The Grey Cup is ours and we don't have much; embrace it
There are very few things in the sporting world at the truly and uniquely Canadian.
Sure, we get jazzed about the Olympics every couple of years in the “us against the world” kind of way and we remain the only country on the planet that pays rapt attention to teenaged holiday pucks and every now and then a team of some sort catches our imagination for a while, again as much for its competition against the rest of the world.
But for solely Canadian?
The big game goes Sunday – B.C. at home against Winnipeg and we’ve long given up the West-East nature of the thing, I guess – and I’m wondering if many – or any – of you care.
You should. Really.
Yes, there are American players who’ll dominate the game and it’s not the quaint celebration of a unique brand of gridiron we call our own but it is Canadian at its heart.
Our game. Our rules. Our cities. Our celebration of the only league (sorry NBL) that doesn’t bow to the whims of American Lords and master and television networks.
In various incarnations, I’ve been able to attend Grey Cups in Ottawa, Hamilton, Winnipeg and Calgary along with Toronto over the years.
Each has been fun in its own way, most have been truly compelling games, each had an energy to it that was, again, uniquely Canadian.
Just because, right now, the Argos and CFL are so far off the radar here really shouldn’t matter all that much, there are huge pockets of fans coast-to-coast who will plan parties, debate players, watch intently and I can practically guarantee you they’ll have fun.
Way back in the day, on a street in a city by a border that had among its residents a couple of families where Dads worked in the States (hello, Barky and Bags), there used to be a lot of give-and-take about the relative merits of Le Coupe Grey Cup each November. There’d always be some good-natured mocking but there’d always be a party and everyone would appreciate, for a day at least, what the CFL was to the fabric of the country.
Those days are gone, lost amid the glut of sports on TV, the Americanization of the athletic events we pay attention to. But the Grey Cup is still “ours” and that’s not a bad thing.
Give it a shot, even here in the centre of the universe.
Oh yeah, I’m sorry, Coach Steve. This’ll break your Double Blue heart but it does harken back to a time when the team here mattered, doesn’t it?

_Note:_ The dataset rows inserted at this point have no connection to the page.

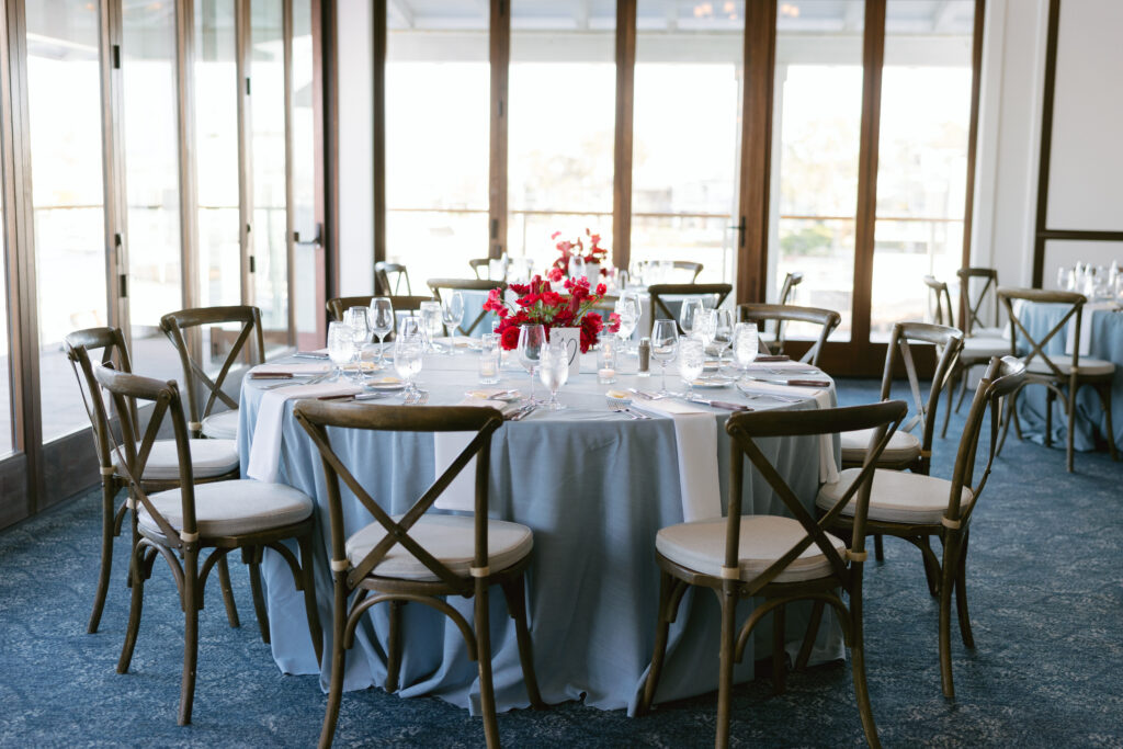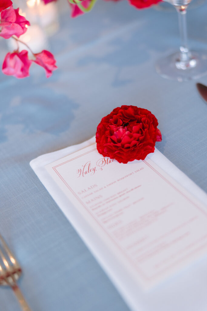 After the I dos, Nicole and Travis boarded their private boat and headed to Newport Yacht Club, followed by guests cruising along on Duffy boats. The ride felt like part of the celebration, not just a transition. The decor leaned into a red, white, and blue palette without feeling themed, inspired by Travis proposing on the Fourth of July and his Navy background. Red florals popped against the nautical setting of the yacht club.
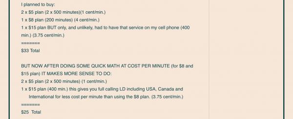 200 U.S. & Canada Long Distance minutes. $8 (4 cent/min.) <= this one I would not bother buying and is really for US calling only BUT if it was your only add-on after your minutes ran out, you would begin to us them.
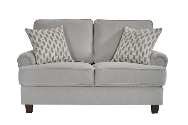 كنبة ثنائية أنيقة تجمع بين الراحة والفخامة في تصميم متوازن يناسب مختلف أنماط الديكور. تأتي بتلبيسة قماشية فاخرة باللون الرمادي الأنيق الذي يعكس الهدوء والرقي، وتزينها وسائد مزخرفة تضيف لمسة عصرية نابضة بالحياة لتجعلها قطعة مميزة في غرفة المعيشة.
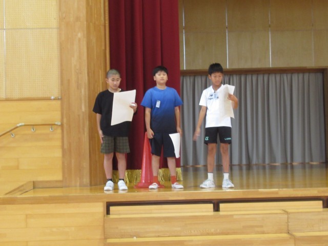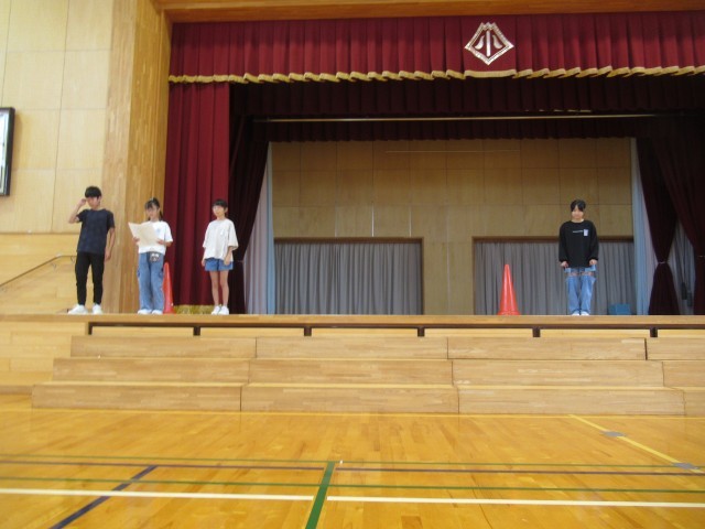 今回から体育館のステージを使って、学習発表会の練習を始めました。これまでは、せりふを覚えたり、細かい身振り手振りを考えたりしてきました。今回は、ステージを使うので今までよりもレベルが上がった練習です。
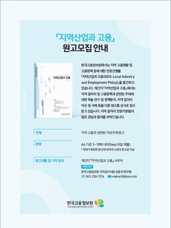[Q뉴스] 한국고용정보원은 30일 계간지 ‘지역산업과 고용’여름호를 발간했다.
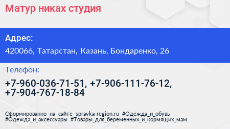 Матур, никах-студия по адресу 420066, Татарстан, Казань, Бондаренко, 26 в дальнейшем Организация, размещена в следующих категориях:
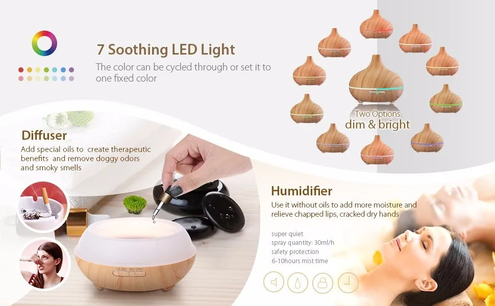 Form and Function: Modern and simplistic design to match your room decor; 5-in-1 mutifunction: aromatherapy diffuser, humidifier, air purifier, ionizer, and LED color changing night light.
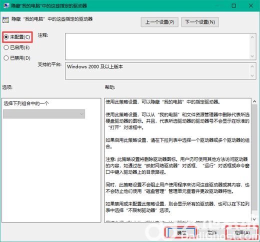 第六步,接着系统会弹出【隐藏我的电脑中的这些指定的驱动器】的窗口,然后我们选择【未配置】选项,然后点击【应用】按钮,再点击【确定】按钮即可。
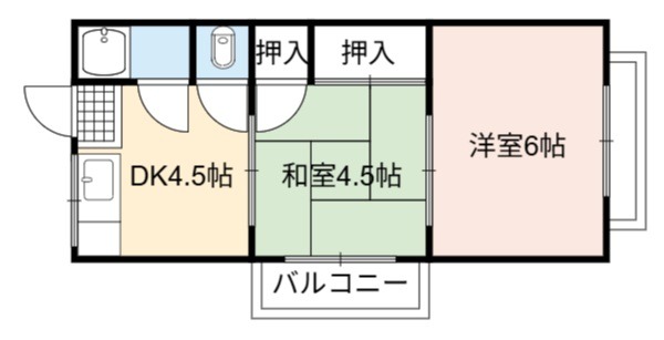 | 間取り詳細 | DK 4.5畳 、 洋室 6畳 、 和室 4.5畳 |
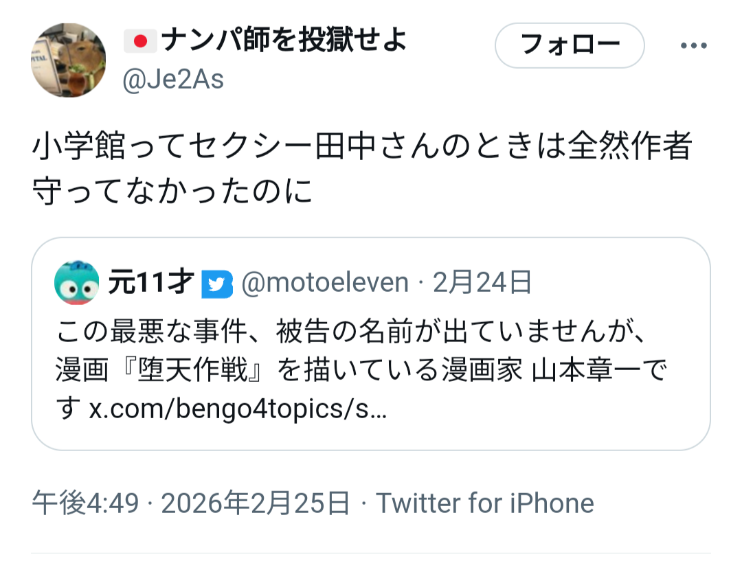 | … | 49無念Nameとしあき26/02/27(金)04:24:09No.1390285760+予言しておくけど小学館の対応としては漫画はもう終わって無関係だし編集者も外部だしでペラ紙1枚で終わりにするよ |
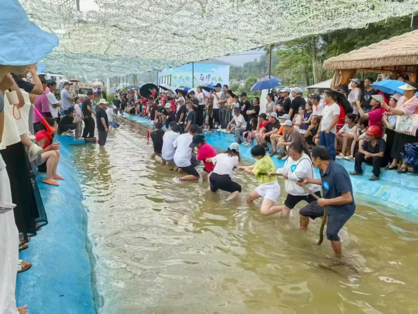 (水中拔河比賽現(xiàn)場)
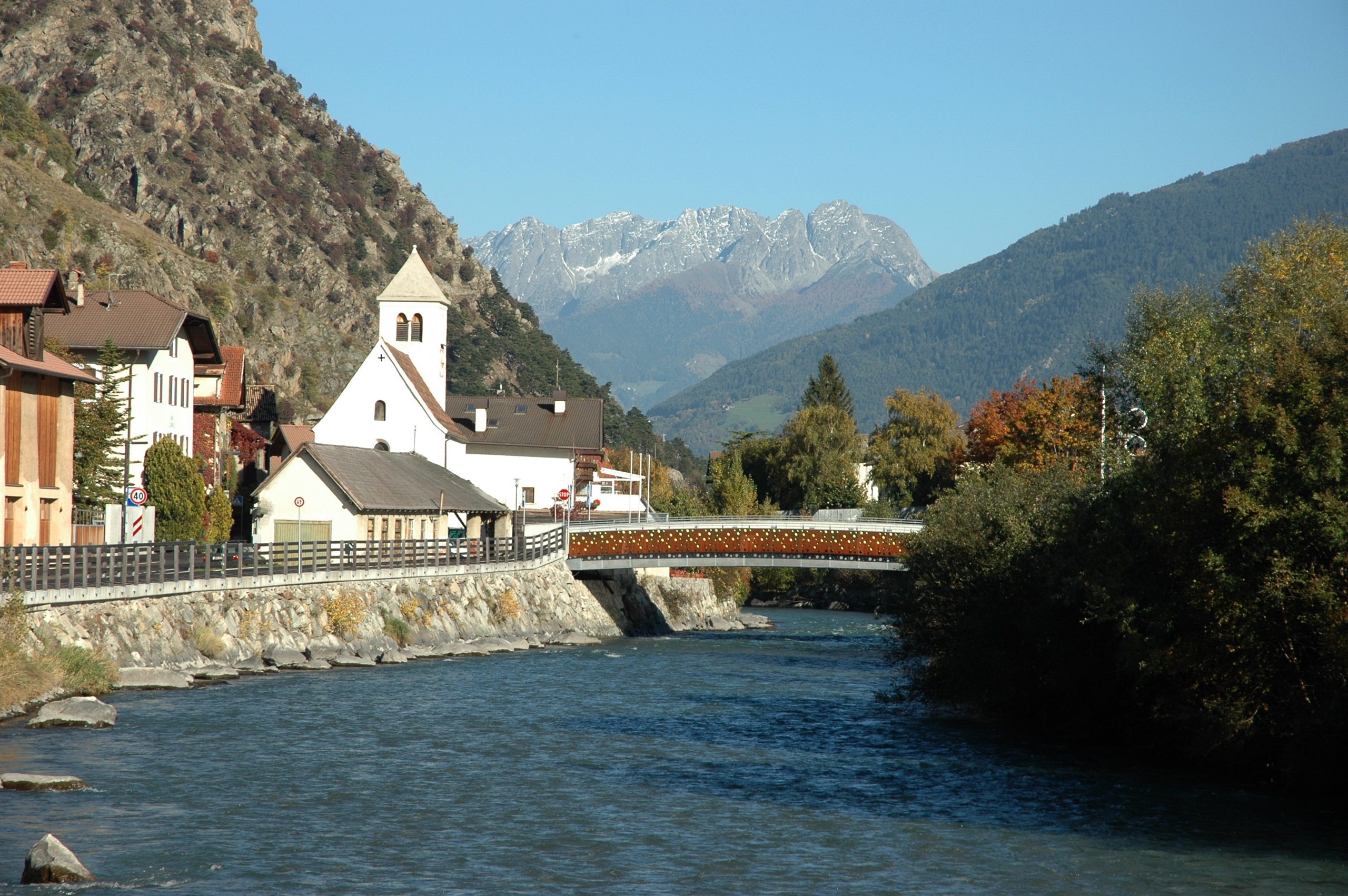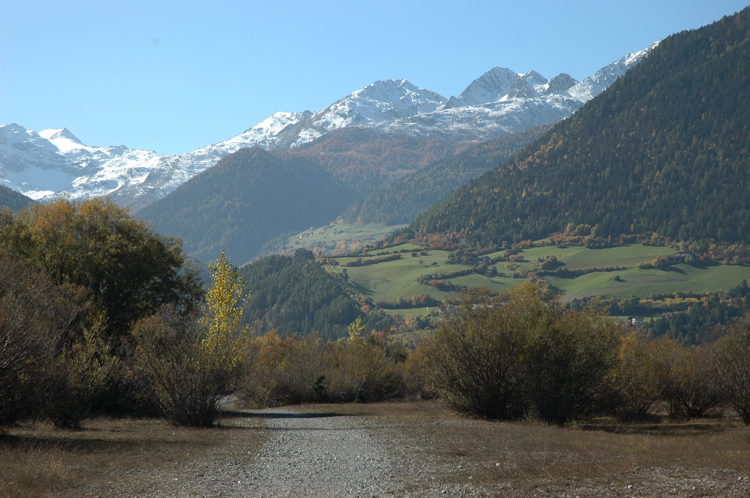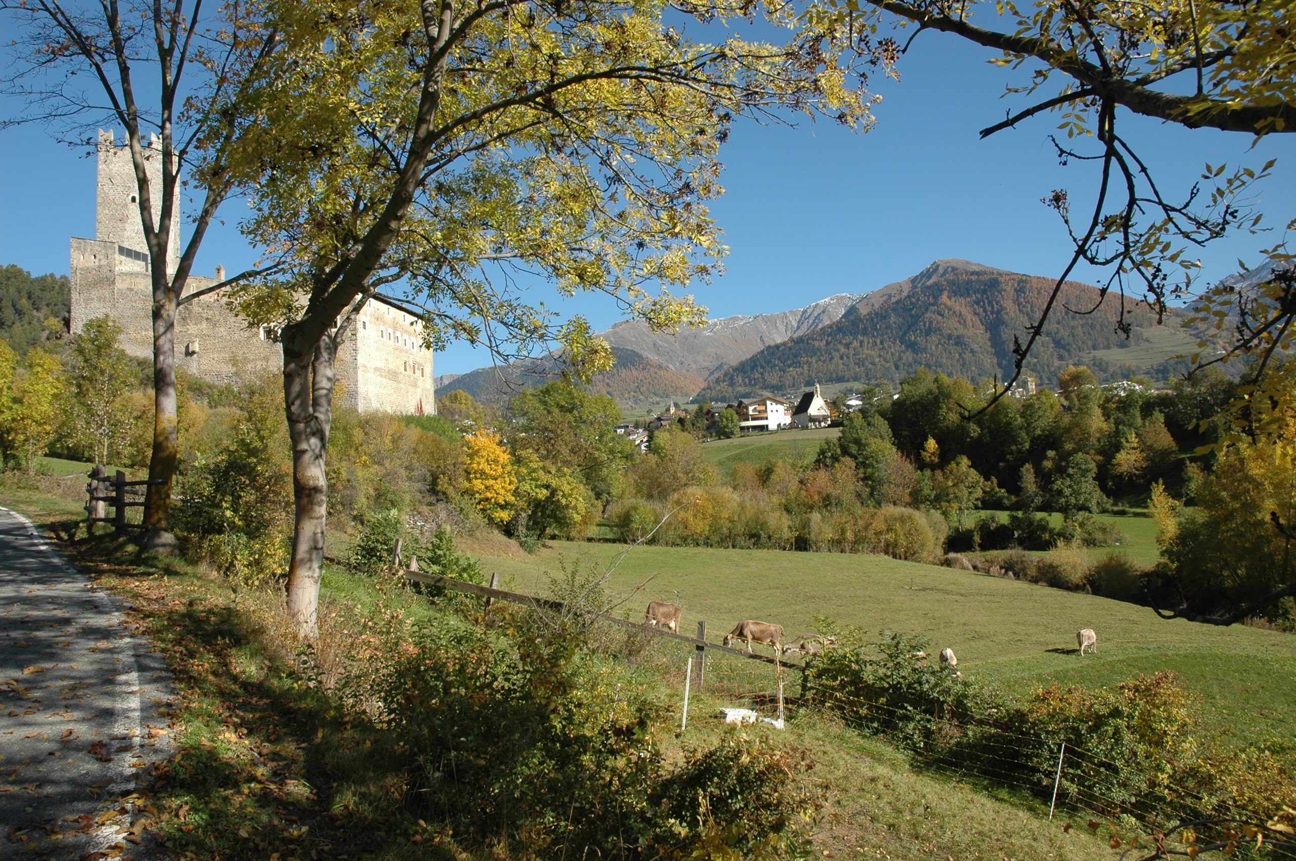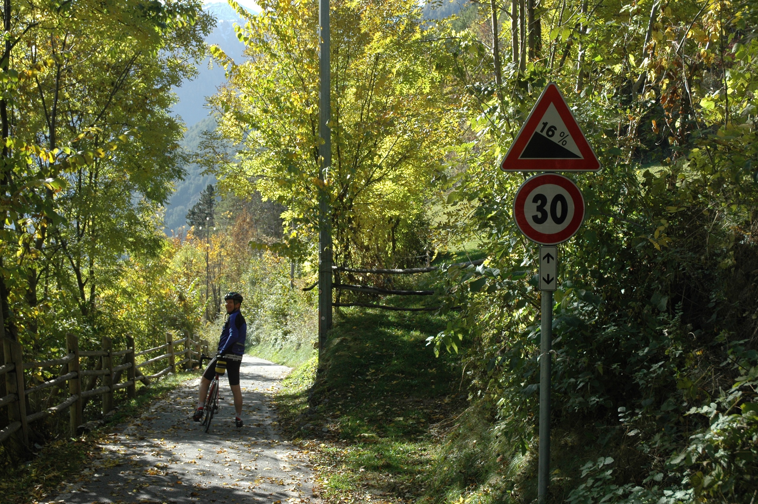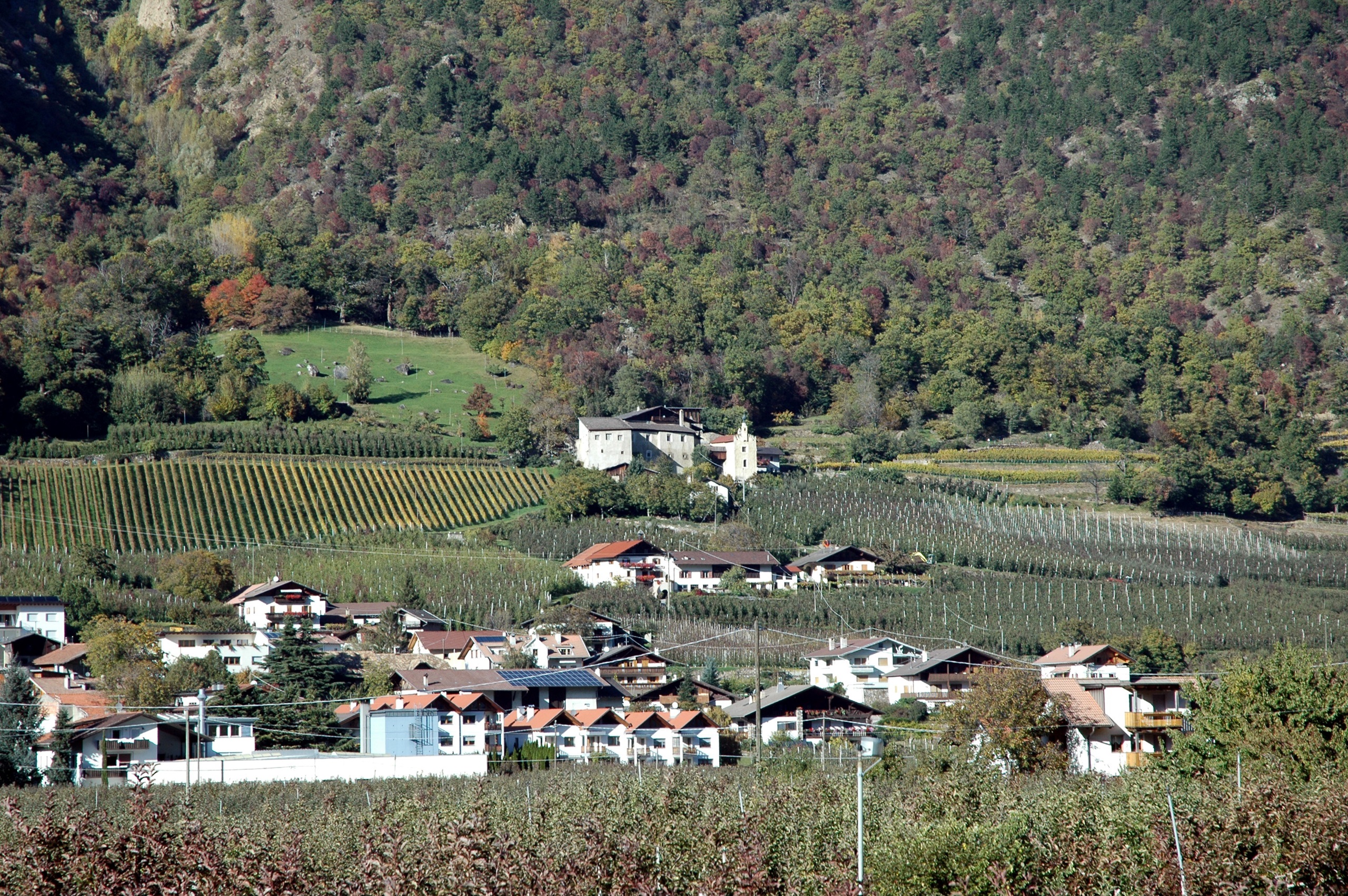 Het is herfst, dat is aan de temperaturen niet te merken, maar des te meer aan de bedrijvigheid. De boeren zijn druk: de appels moeten geplukt. Groene kratten in stapels langs de boomgaard, de ultrasmalle tractoren die precies tussen de bomenrij kunnen rijden en natuurlijk de handarbeid om het rode goud te verzamelen. Gebiologeerd door de automatismen in de actie en het besef hoeveel dit betekent voor deze regio blijven we staan kijken. Als dank voor de bewonderende blikken ontvangen we een appeltje voor de dorst. Tevreden vervolgen we de weg.
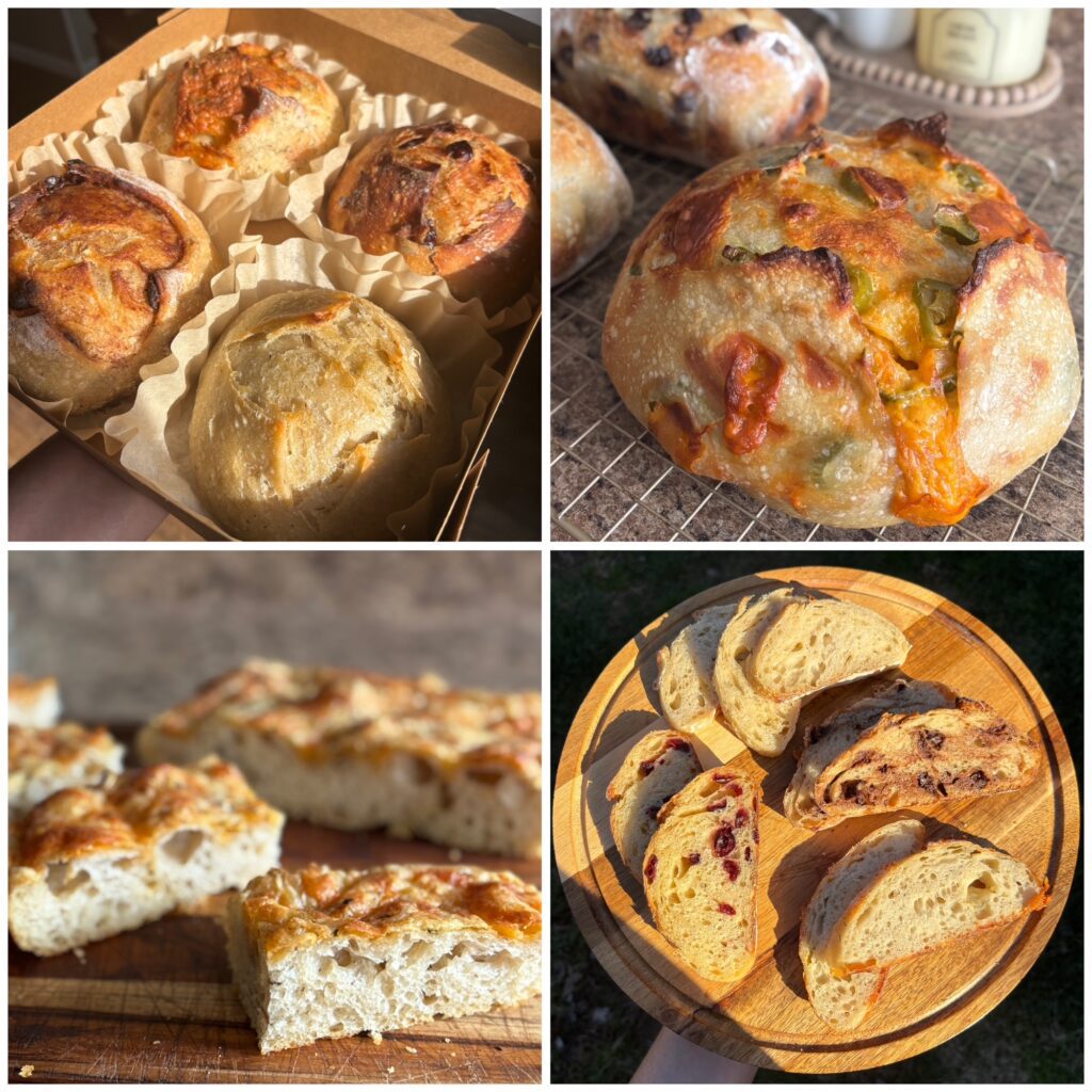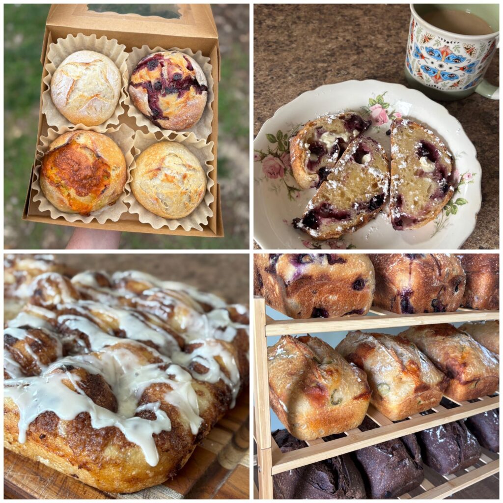 To order, please message us on Facebook or Instagram, or fill out our contact form and we will let you know when our next bread pickup day or market is and what flavors we are offering that day. Please note, payment is due when placing your preorder; we take Venmo, Zelle, and Cashapp.
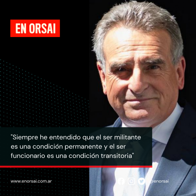 "Yo siempre he entendido que el ser militante es una condición permanente y el ser funcionario es una condición transitoria, podes ser funcionario en determinado momento, militante sos siempre. El militante no lo dejas, no tiene traje, el traje de militante lo llevas puesto como tu piel, el traje de funcionario a veces te toca tenerlo y a veces no te toca tenerlo y tenes que tomarlo con total naturalidad y normalidad."

So the NBL’s in the news (story’s here, if you haven’t already seen it) with a first commissioner.
Now, I don’t know John Kennedy from Adam (no, I didn’t ask him if his middle name was Fitzgerald) but it strikes me that the league fathers again got it right in hiring the sports/business exec as the first overseer of the league.
It doesn’t seem he’ll be the one to impost any huge amount of basketball dictum on the seven teams in the league’s first year, which is fine. If Kennedy can make some business deals that bring in some sponsorship dollars and raise the profile of the league – the first thing he said about some kind of TV deal had to be music to the fans’ ears – he will have more than done his job.
I’m not sure how each of the teams is doing in its own market with its own media but anything more would be a huge boost.
And in keeping with the idea that the NBL needs to start in precisely the right markets, the idea of striking a series of regional business deals with a national company – think car, credit card, soft drink company with branches in Eastern Canada, Quebec and Ontario that are autonomous yet under one huge umbrella – makes entire sense to me.
As you know, I think the NBL guys and gals are doing a good job for the most part and hope they thrive. Seems this is a step in the right direction.
Speakng of …
Help, people to the east of me.
There’s a very good chance I’ll be wandering aimlessly around the GM Centre in Oshawa tonight before the big Power game (yes, we listened) and I could use a good restaurant recommendation near the arena if the 401’s not the mess I expect it to be and I’m there way early.
How in the world I missed this yesterday is beyond me.
So, RIP Freddy Mercury, who died 20 years and one day ago and generally tops the list – or is in the top two or three – as the most talented pure singers in rock history.
I’ll admit I wasn’t the biggest of Queen fans growing up, music was good but it wasn’t one of those bands you “had” to listen to all the time.
But there is no doubting Mercury’s singing chops, is there?
Would he be No. 1 in your mind?
I’d probably have him up there with Robert Plant, Burton Cummings, John Lennon and Bono. Does that make a good Top 5?
Mail. Please. Now. Serious issues with the number of questions this week, I can only hope you’ve been holding out for the last minute warning.
Total digression but if I hear one more Canadian store refer to today as Black Friday and offer untold sales and specials because it’s American Thanksgiving, I may barf.
Or perhaps boycott them. This is their in the States day. Let ‘em have it.